* Assigned task
Please output every line of the material as it stands, without the pictures.

══ Data shown

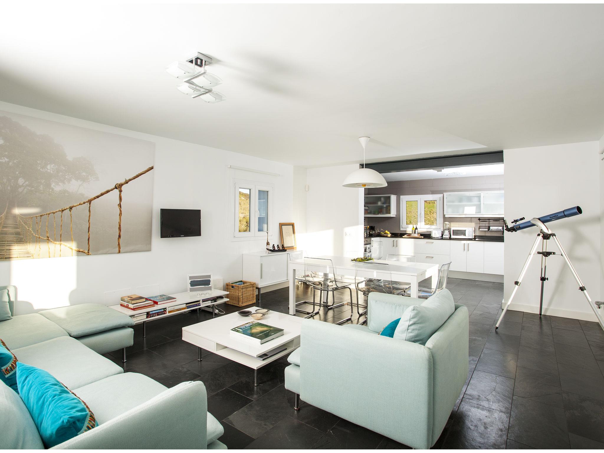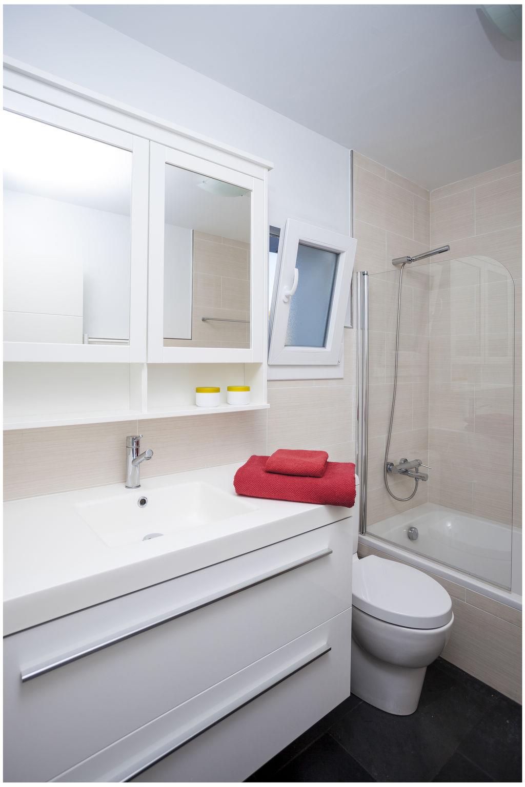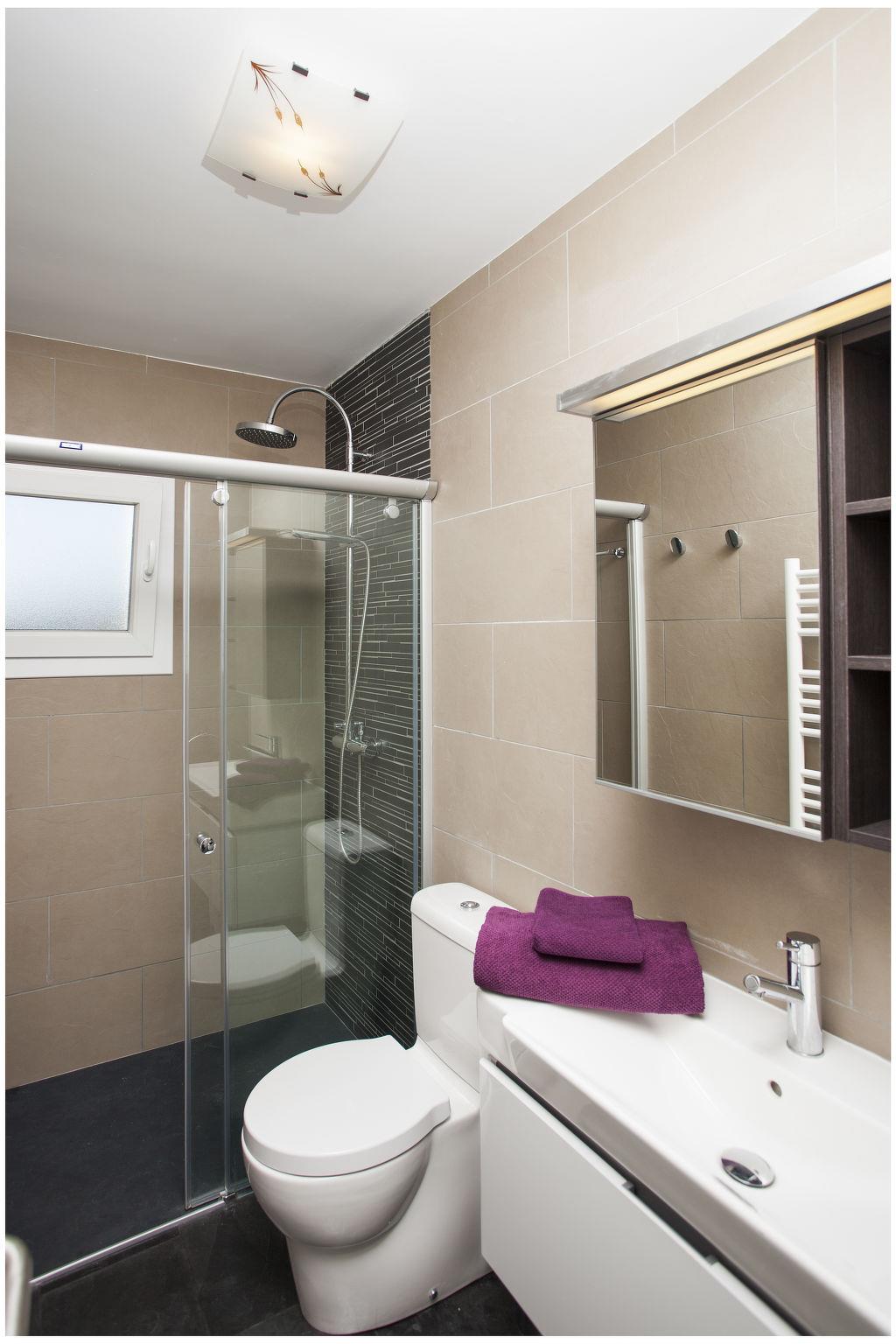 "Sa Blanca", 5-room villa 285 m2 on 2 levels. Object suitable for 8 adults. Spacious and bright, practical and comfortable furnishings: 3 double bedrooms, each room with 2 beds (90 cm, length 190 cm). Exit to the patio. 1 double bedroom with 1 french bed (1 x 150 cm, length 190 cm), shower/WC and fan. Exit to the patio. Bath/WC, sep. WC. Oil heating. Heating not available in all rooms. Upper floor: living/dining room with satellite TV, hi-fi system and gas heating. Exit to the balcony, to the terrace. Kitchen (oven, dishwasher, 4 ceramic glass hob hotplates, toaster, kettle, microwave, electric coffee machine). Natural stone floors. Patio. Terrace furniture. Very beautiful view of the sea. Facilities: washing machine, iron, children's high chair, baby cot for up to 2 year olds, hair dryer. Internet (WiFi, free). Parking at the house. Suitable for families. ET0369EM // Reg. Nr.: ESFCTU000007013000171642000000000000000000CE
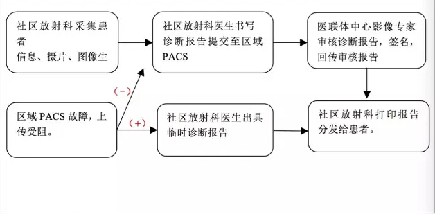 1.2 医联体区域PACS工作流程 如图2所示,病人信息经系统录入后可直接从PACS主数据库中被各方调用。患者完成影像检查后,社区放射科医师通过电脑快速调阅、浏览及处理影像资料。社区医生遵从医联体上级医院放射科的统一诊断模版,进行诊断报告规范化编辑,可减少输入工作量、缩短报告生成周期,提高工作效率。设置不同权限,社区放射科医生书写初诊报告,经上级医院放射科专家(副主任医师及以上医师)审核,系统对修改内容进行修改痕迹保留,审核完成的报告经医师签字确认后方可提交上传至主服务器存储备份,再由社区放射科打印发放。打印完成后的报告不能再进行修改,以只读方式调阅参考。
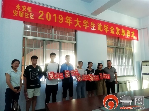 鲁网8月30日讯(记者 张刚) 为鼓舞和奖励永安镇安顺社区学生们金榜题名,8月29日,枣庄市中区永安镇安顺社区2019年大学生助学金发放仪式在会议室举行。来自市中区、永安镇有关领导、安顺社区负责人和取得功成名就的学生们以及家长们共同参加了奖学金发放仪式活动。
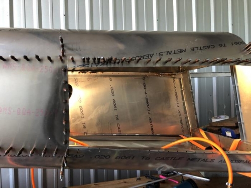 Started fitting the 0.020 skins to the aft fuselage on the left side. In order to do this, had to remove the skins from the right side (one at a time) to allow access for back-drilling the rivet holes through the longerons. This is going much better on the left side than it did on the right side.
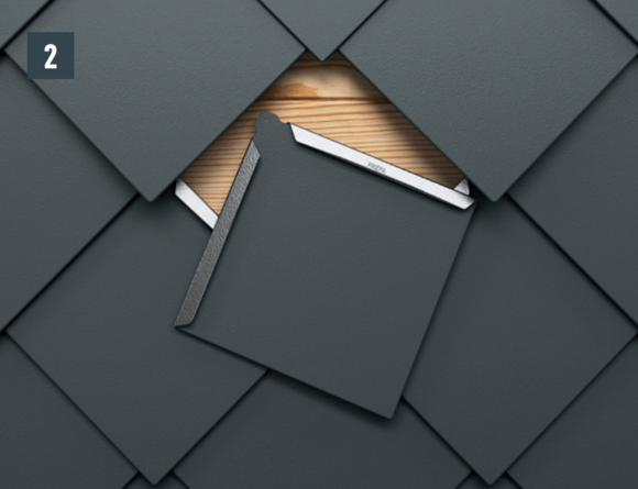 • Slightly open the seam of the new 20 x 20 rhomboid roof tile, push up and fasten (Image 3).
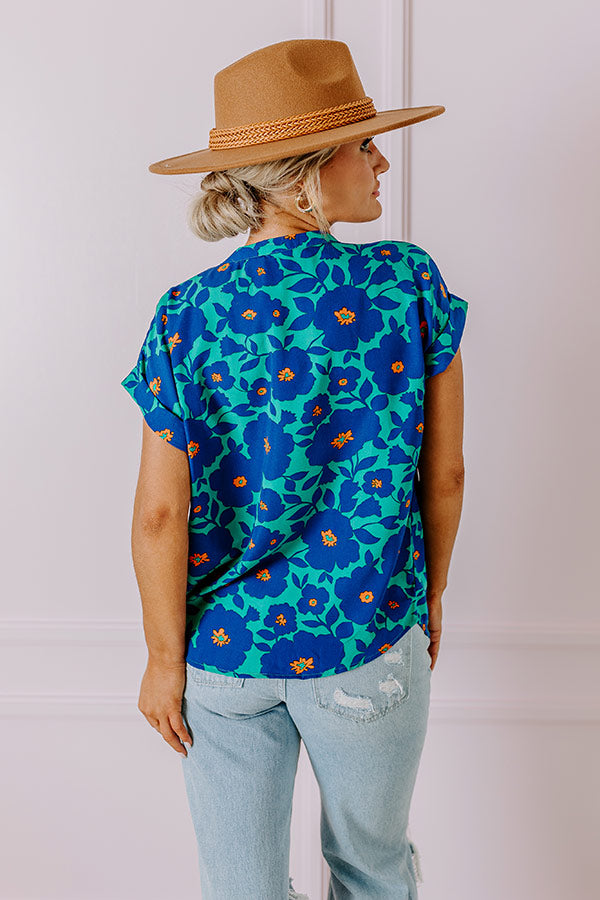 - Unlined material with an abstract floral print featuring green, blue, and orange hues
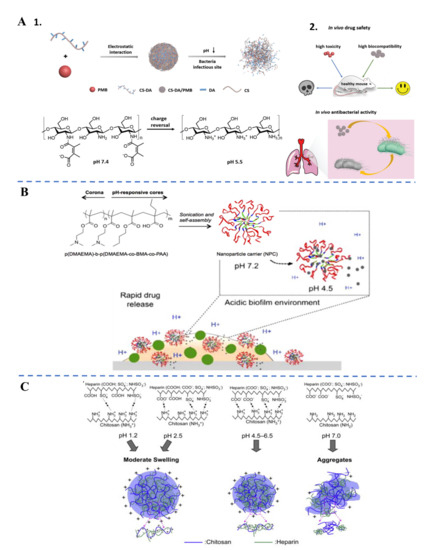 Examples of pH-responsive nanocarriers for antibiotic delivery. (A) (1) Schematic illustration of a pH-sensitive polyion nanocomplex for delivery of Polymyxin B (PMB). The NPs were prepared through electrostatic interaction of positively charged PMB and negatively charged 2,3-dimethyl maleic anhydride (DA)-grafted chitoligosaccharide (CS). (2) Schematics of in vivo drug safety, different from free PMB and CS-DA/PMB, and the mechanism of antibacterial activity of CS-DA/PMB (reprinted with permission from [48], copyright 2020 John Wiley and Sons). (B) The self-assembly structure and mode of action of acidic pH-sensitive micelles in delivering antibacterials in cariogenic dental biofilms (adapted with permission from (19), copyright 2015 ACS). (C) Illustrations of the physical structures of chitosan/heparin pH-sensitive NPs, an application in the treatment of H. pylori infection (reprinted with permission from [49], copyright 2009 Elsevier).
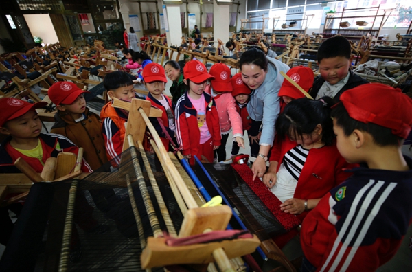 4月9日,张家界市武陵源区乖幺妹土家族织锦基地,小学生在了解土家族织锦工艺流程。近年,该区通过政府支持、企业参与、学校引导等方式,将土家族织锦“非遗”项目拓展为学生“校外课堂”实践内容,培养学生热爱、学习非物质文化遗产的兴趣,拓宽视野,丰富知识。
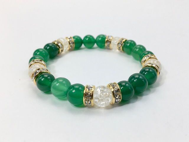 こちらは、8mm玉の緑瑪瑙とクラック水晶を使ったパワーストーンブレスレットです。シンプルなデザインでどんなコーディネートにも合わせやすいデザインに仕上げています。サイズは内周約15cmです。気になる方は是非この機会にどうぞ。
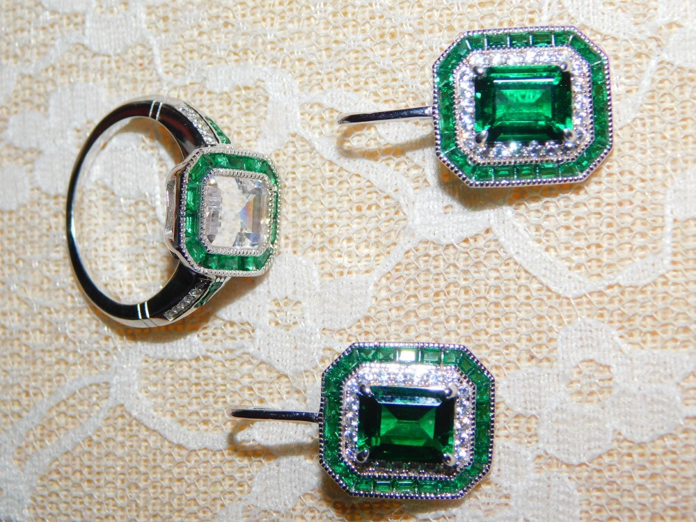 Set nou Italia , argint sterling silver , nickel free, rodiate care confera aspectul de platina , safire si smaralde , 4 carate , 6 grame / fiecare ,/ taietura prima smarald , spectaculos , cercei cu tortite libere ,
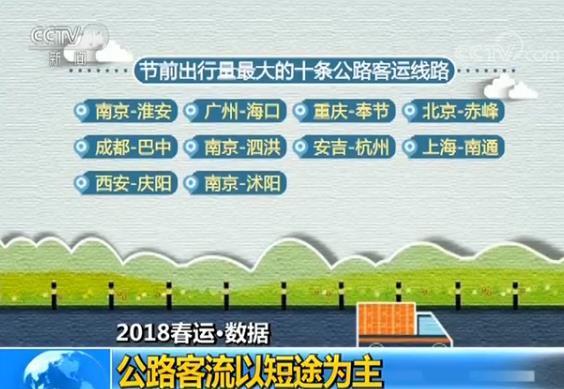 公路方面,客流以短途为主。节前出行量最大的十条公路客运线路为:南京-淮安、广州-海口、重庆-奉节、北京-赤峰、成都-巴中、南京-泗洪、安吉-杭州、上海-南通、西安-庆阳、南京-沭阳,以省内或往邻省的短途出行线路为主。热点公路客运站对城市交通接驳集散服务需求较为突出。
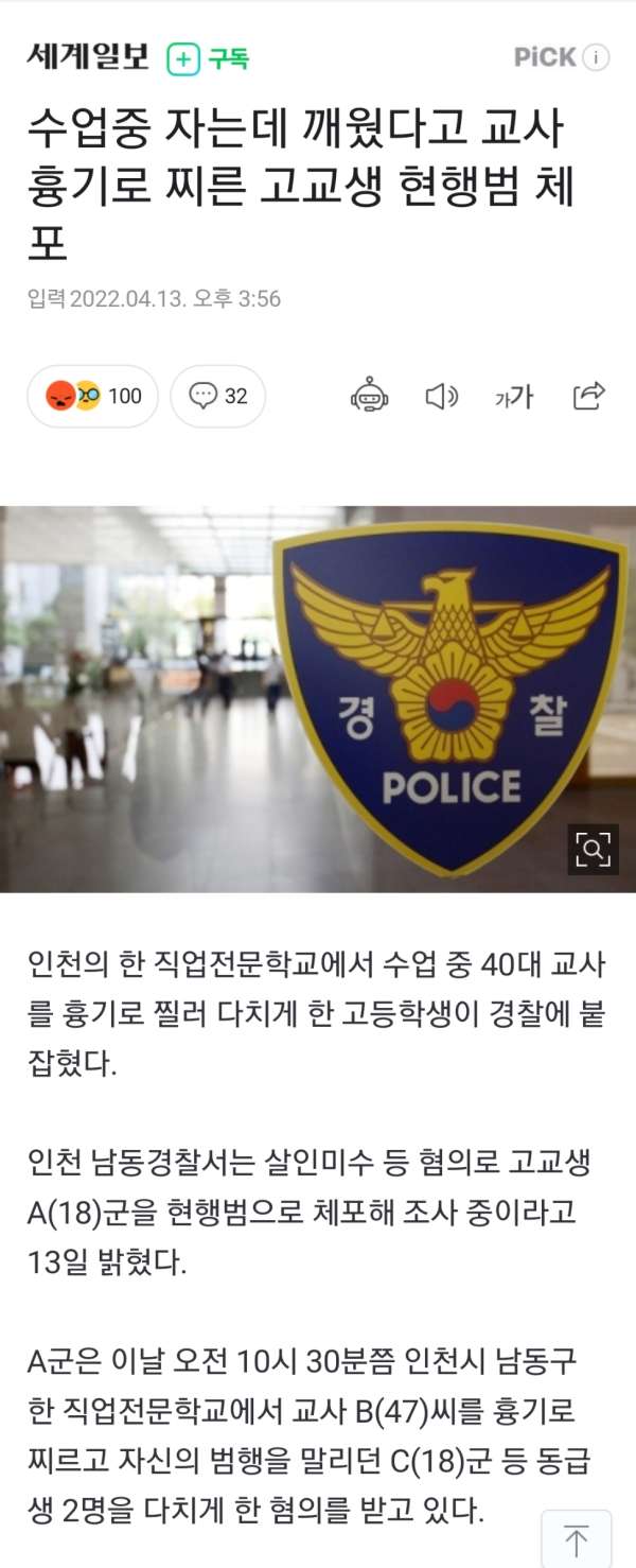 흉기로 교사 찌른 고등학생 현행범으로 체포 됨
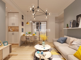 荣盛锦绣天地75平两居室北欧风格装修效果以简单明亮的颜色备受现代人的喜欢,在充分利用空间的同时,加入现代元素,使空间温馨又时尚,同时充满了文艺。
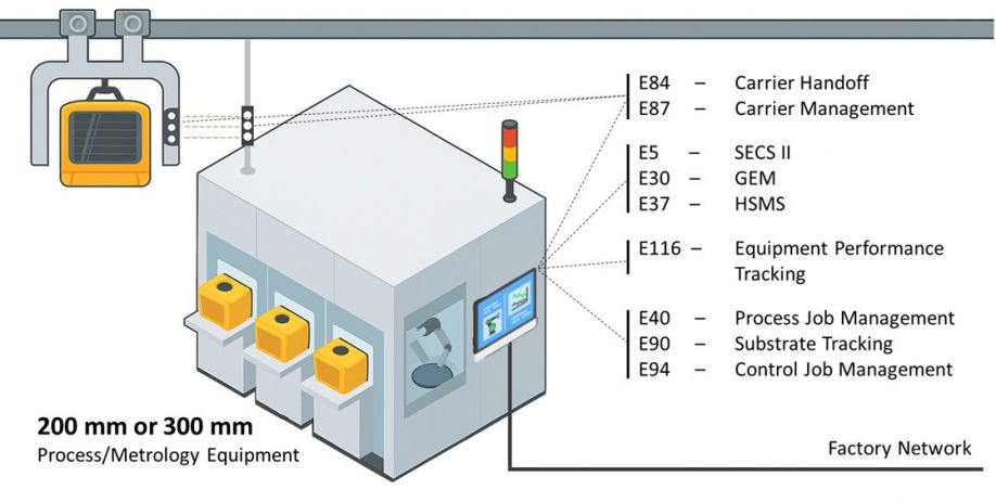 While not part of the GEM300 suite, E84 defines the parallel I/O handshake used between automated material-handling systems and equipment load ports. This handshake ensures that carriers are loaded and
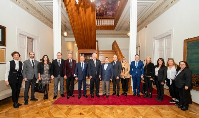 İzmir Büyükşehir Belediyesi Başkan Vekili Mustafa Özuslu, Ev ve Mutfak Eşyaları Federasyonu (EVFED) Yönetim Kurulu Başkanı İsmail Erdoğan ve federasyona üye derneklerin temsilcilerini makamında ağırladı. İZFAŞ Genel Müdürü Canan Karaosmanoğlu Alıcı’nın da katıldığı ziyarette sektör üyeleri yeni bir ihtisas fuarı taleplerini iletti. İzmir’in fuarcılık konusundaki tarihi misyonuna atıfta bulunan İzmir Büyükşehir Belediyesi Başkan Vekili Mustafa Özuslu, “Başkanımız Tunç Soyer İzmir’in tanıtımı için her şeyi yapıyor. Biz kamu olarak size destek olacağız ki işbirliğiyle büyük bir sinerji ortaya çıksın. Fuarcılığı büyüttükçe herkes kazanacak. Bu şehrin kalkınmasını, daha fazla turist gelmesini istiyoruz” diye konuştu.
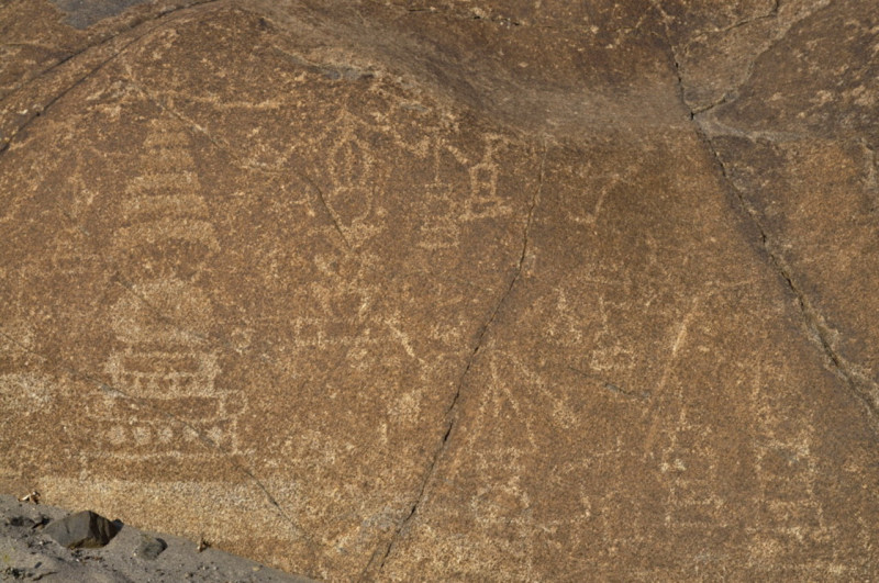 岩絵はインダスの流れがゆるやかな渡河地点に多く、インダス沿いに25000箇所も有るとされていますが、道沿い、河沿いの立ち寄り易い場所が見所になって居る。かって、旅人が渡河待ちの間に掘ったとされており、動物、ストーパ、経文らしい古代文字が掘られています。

════

* Result
 "Sa Blanca", 5-room villa 285 m2 on 2 levels. Object suitable for 8 adults. Spacious and bright, practical and comfortable furnishings: 3 double bedrooms, each room with 2 beds (90 cm, length 190 cm). Exit to the patio. 1 double bedroom with 1 french bed (1 x 150 cm, length 190 cm), shower/WC and fan. Exit to the patio. Bath/WC, sep. WC. Oil heating. Heating not available in all rooms. Upper floor: living/dining room with satellite TV, hi-fi system and gas heating. Exit to the balcony, to the terrace. Kitchen (oven, dishwasher, 4 ceramic glass hob hotplates, toaster, kettle, microwave, electric coffee machine). Natural stone floors. Patio. Terrace furniture. Very beautiful view of the sea. Facilities: washing machine, iron, children's high chair, baby cot for up to 2 year olds, hair dryer. Internet (WiFi, free). Parking at the house. Suitable for families. ET0369EM // Reg. Nr.: ESFCTU000007013000171642000000000000000000CE
 1.2 医联体区域PACS工作流程 如图2所示,病人信息经系统录入后可直接从PACS主数据库中被各方调用。患者完成影像检查后,社区放射科医师通过电脑快速调阅、浏览及处理影像资料。社区医生遵从医联体上级医院放射科的统一诊断模版,进行诊断报告规范化编辑,可减少输入工作量、缩短报告生成周期,提高工作效率。设置不同权限,社区放射科医生书写初诊报告,经上级医院放射科专家(副主任医师及以上医师)审核,系统对修改内容进行修改痕迹保留,审核完成的报告经医师签字确认后方可提交上传至主服务器存储备份,再由社区放射科打印发放。打印完成后的报告不能再进行修改,以只读方式调阅参考。
 鲁网8月30日讯(记者 张刚) 为鼓舞和奖励永安镇安顺社区学生们金榜题名,8月29日,枣庄市中区永安镇安顺社区2019年大学生助学金发放仪式在会议室举行。来自市中区、永安镇有关领导、安顺社区负责人和取得功成名就的学生们以及家长们共同参加了奖学金发放仪式活动。
 Started fitting the 0.020 skins to the aft fuselage on the left side. In order to do this, had to remove the skins from the right side (one at a time) to allow access for back-drilling the rivet holes through the longerons. This is going much better on the left side than it did on the right side.
 • Slightly open the seam of the new 20 x 20 rhomboid roof tile, push up and fasten (Image 3).
 - Unlined material with an abstract floral print featuring green, blue, and orange hues
 Examples of pH-responsive nanocarriers for antibiotic delivery. (A) (1) Schematic illustration of a pH-sensitive polyion nanocomplex for delivery of Polymyxin B (PMB). The NPs were prepared through electrostatic interaction of positively charged PMB and negatively charged 2,3-dimethyl maleic anhydride (DA)-grafted chitoligosaccharide (CS). (2) Schematics of in vivo drug safety, different from free PMB and CS-DA/PMB, and the mechanism of antibacterial activity of CS-DA/PMB (reprinted with permission from [48], copyright 2020 John Wiley and Sons). (B) The self-assembly structure and mode of action of acidic pH-sensitive micelles in delivering antibacterials in cariogenic dental biofilms (adapted with permission from (19), copyright 2015 ACS). (C) Illustrations of the physical structures of chitosan/heparin pH-sensitive NPs, an application in the treatment of H. pylori infection (reprinted with permission from [49], copyright 2009 Elsevier).
 4月9日,张家界市武陵源区乖幺妹土家族织锦基地,小学生在了解土家族织锦工艺流程。近年,该区通过政府支持、企业参与、学校引导等方式,将土家族织锦“非遗”项目拓展为学生“校外课堂”实践内容,培养学生热爱、学习非物质文化遗产的兴趣,拓宽视野,丰富知识。
 こちらは、8mm玉の緑瑪瑙とクラック水晶を使ったパワーストーンブレスレットです。シンプルなデザインでどんなコーディネートにも合わせやすいデザインに仕上げています。サイズは内周約15cmです。気になる方は是非この機会にどうぞ。
 Set nou Italia , argint sterling silver , nickel free, rodiate care confera aspectul de platina , safire si smaralde , 4 carate , 6 grame / fiecare ,/ taietura prima smarald , spectaculos , cercei cu tortite libere ,
 公路方面,客流以短途为主。节前出行量最大的十条公路客运线路为:南京-淮安、广州-海口、重庆-奉节、北京-赤峰、成都-巴中、南京-泗洪、安吉-杭州、上海-南通、西安-庆阳、南京-沭阳,以省内或往邻省的短途出行线路为主。热点公路客运站对城市交通接驳集散服务需求较为突出。
 흉기로 교사 찌른 고등학생 현행범으로 체포 됨
 荣盛锦绣天地75平两居室北欧风格装修效果以简单明亮的颜色备受现代人的喜欢,在充分利用空间的同时,加入现代元素,使空间温馨又时尚,同时充满了文艺。
 While not part of the GEM300 suite, E84 defines the parallel I/O handshake used between automated material-handling systems and equipment load ports. This handshake ensures that carriers are loaded and
 İzmir Büyükşehir Belediyesi Başkan Vekili Mustafa Özuslu, Ev ve Mutfak Eşyaları Federasyonu (EVFED) Yönetim Kurulu Başkanı İsmail Erdoğan ve federasyona üye derneklerin temsilcilerini makamında ağırladı. İZFAŞ Genel Müdürü Canan Karaosmanoğlu Alıcı’nın da katıldığı ziyarette sektör üyeleri yeni bir ihtisas fuarı taleplerini iletti. İzmir’in fuarcılık konusundaki tarihi misyonuna atıfta bulunan İzmir Büyükşehir Belediyesi Başkan Vekili Mustafa Özuslu, “Başkanımız Tunç Soyer İzmir’in tanıtımı için her şeyi yapıyor. Biz kamu olarak size destek olacağız ki işbirliğiyle büyük bir sinerji ortaya çıksın. Fuarcılığı büyüttükçe herkes kazanacak. Bu şehrin kalkınmasını, daha fazla turist gelmesini istiyoruz” diye konuştu.
 岩絵はインダスの流れがゆるやかな渡河地点に多く、インダス沿いに25000箇所も有るとされていますが、道沿い、河沿いの立ち寄り易い場所が見所になって居る。かって、旅人が渡河待ちの間に掘ったとされており、動物、ストーパ、経文らしい古代文字が掘られています。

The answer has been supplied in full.